See here for a more in-depth PCI view of these three widely accepted Authentication factors; http://pciguru.wordpress.com/2010/05/01/one-two-and-three-factor-authentication/

There is also a not yet well supported but interesting idea for a 4th factor. So in addition to all the other factors the computer or website or what-have-you authenticates that you are where you say you are. This 4th factor is hard to implement at the moment, and they are obviously trying to make it transparent to the end user, so say you have an app on your phone that fires up GPS and sends it through to ensure you are logging in from areas you have pre-defined. I actually heard of someone using log correlation years ago to this effect, basically they watched logins from the internal network and VPN concentrators and if a user attempted to VPN in from a geographically remote IP when they had only recently been seen more geographically locally or even on network then they would shut down the geographically remote session. I can't find the article now, but this supposed shut down a hacker trying to get into this USA based company using an Execs credentials via the VPN from South America when the exec had been seen on the local network only minutes earlier.
See here for more on 4th factor; http://blog.dustintrammell.com/2008/11/21/four-factor-authentication/

Now to get to 1.5 factor auth. I couldn't find much ;
Market-speak; http://blog.mailchimp.com/introducing-alterego-1-5-factor-authentication-for-web-apps/
Comment decrying it for being touted as 2 factor auth; http://stackoverflow.com/questions/559639/what-is-two-factor-authentication
Market-speak, but interesting implementation; http://pingrid.org/
Very aptly named blog; http://www.ryanhicks.net/blog/2008/10/15-factor-authentication.html
But onto this colleagues definition: 1.5 factor auth is a password and a pin... So still two things that you know. Yes it maybe prettied up in the case of pingrid or horrible and easy to break as in the case of the below screenshot from a banking institution here in Australia that I used to use, but still two somethings that you know, by definition still one factor, aka one of the definitions of factors above.

Onto the example I mentioned earlier, I used to use a financial institution that I believe started using the below (this is a mock-up I no longer have an account there) "extra factor" in 2003, I laughed when I first saw it, realising it added no real security.
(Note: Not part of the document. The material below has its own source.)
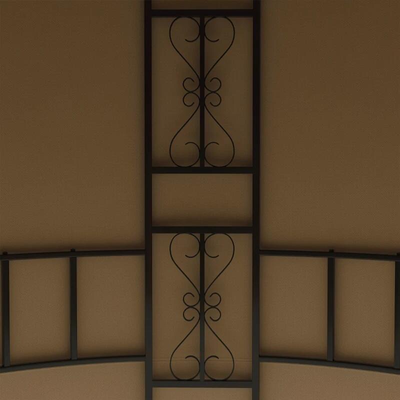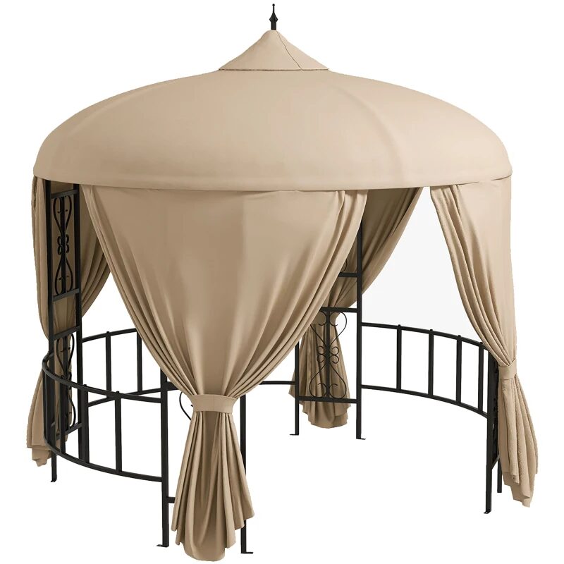 Pavilion/foisor pentru gradina/terasa, rotund, stil gazebo, cadru metalic, cu perdele, bej, 3x2.85 m

The idea is that you pick three images and you have to click them in order, the images get shuffled each login.
As I watched after more logins I noticed that the pictures changed, every time, except the pictures I as a user had to click, so if a user had my username and password they could simply login several times see the picture auth, not down the pictures then exit, do this a large enough number of times and like a game of guess who you have narrowed down the pictures needed to authenticate in this step. As there are only three and you need to click them in order you have to only make 6 failed attempts and you will have it.

The problem with this 1.5 factor is depending on the implementation it could be almost 50% more security that 1 factor but in the case of the above image that is probably 1.0000000000000001 factor. The other issue is even if it is 50% better than 1 factor it is not 50% worse than 2 factor, 2 factor is insanely better than 1 factor, coming back to implementation of course but even the worst is orders of magnitude better. Have a look at how complex pingrid is, I doubt that most end users would pick this up quickly and I would say 90% will write down what they have to do and what they do, do to get authenticated, this makes it no longer something that is kept secret, and may make authentication for legitimate users so hard that they fail more often, causing increased support calls and decreased productivity.

This half factor addition is bad market speak at best, and a false sense of security with a move to introducing vulnerabilities in the authentication chain at worst.

UPDATE: Being the security geek I am, I decided to email the venerable Bruce Schneier and his word from on high matches my own, "It doesn't (add security). It's a marketing ploy." Squeee I got a reply for Bruce Schneier... but yeah 1.5 factor is bs, coffin closed and put to bed.